A key point that Habermas omits, however, is that in the Greek world the private and public were gendered spheres. The head of a household was always male, and women had no real legal or political status. The public realm was male, competitive and open: the private realm was female, and secret.

Habermas begins to chart the transformation and development of these of Greek categories. He makes it clear that the "modern" public sphere is tied to very specific economic, social and political conditions.

The stage that comes after the classical period for Habermas is the "feudal period", or the Middle Ages. For Habermas, a social hierarchy of orders or estates characterizes this period, with the King at the top, followed by the nobility and then the common people. There is no division between public and private in the modern sense, in that the King is the only "public" thing in the kingdom. There are no private or public institutions, hence Habermas' admission that he can find no "sociological basis" for the public sphere. However, publicity does exist in a representative form. It is not exactly the competitive, masculine publicity evident in ancient Greece, but rather a display of status and power.

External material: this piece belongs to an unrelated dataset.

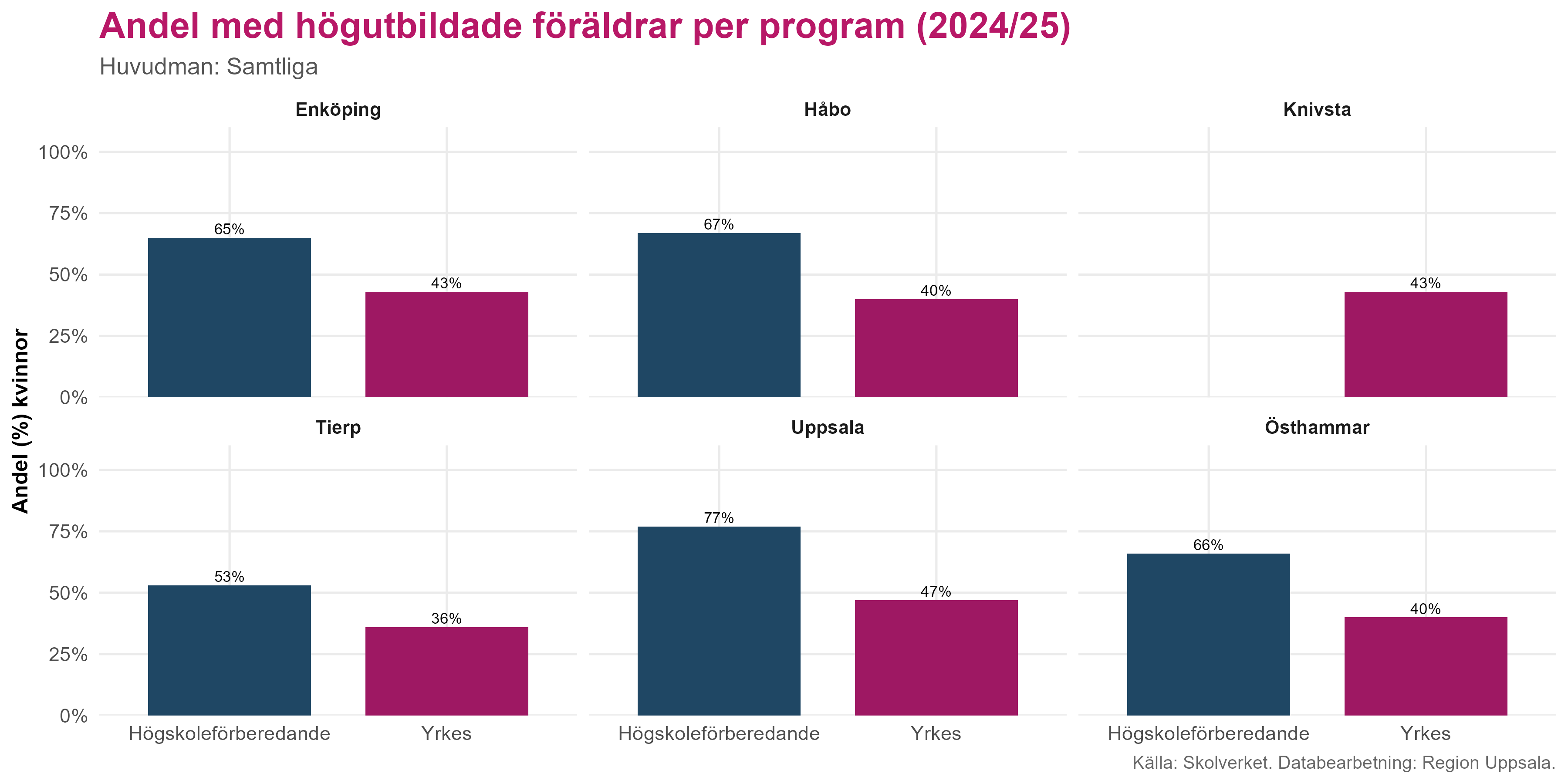 Figur 4 visar andelen gymnasieelever i Uppsala län läsåret 2024/25 med högutbildade föräldrar. I samtliga kommuner är andelen högre på de högskoleförberedande programmen än på yrkesprogrammen. Skillnaderna mellan programtyperna är särskilt stora i Uppsala, Enköping, Håbo och Östhammar, där skillnaden uppgår till omkring 20–30 procentenheter, medan skillnaderna är något mindre i Tierp.

In representative publicity, the King or noble displays his status before the people in a ceremonial display. He represents himself before a public; no discussion or collective action takes place. The public is merely required to watch, and to acclaim the sovereign. Such ceremonies typically take place at court. The best examples of this kind of publicity, according to Habermas, are the French and Burgundian courts of the fifteenth century, and the court of Louis XIV of France.

Representative publicity and the structures that surrounded it were dissolved by the development of the bourgeois, capitalist system. The emergence of a capitalist economy in early modern Europe both supported and undermined the old structures. News and commodities were key features in this process. Trade in commodities such as spices and coal developed, and required new economic structures; merchants formed companies, and began to promote their commercial interests. Initially, the trade in news was directly related to business needs. Merchants needed information about ships, the weather and the political situation in various countries. But this need became more generalized, and news reached a wider audience. This was the very beginning of a critical, debating press.

The new economic structures of early capitalism formed what Habermas calls civil society. Its specific character depended on the separation of household and production. Economics, a word which comes from oikos, no longer related to household production but to a more public system of exchange.

From the beginning, civil society was linked to the modern state. The state developed alongside the new kinds of business and economic structure. Its major components were new systems of taxation to exploit the wealth of the new economy, systems of administration to control the population, and a more permanent army. In this period, according to Habermas, the state began to take on more and more functions, and to affect people's lives more directly. This involvement provided the basis for critical debate. Habermas argues that in complaining about tax officials, or debating with minor officials, people began to learn how to use their reason publicly and critically.

The last key development is the emergence of a new social class. The bourgeoisie, or middle class, grew in numbers and influence; it became a reading public. The bourgeois is the most important element in Habermas' story in many ways. The last remaining factor was the further development of the press from providing information to encouraging critical debate. Habermas ends the section by leaving the bourgeois poised at the beginning of the public sphere.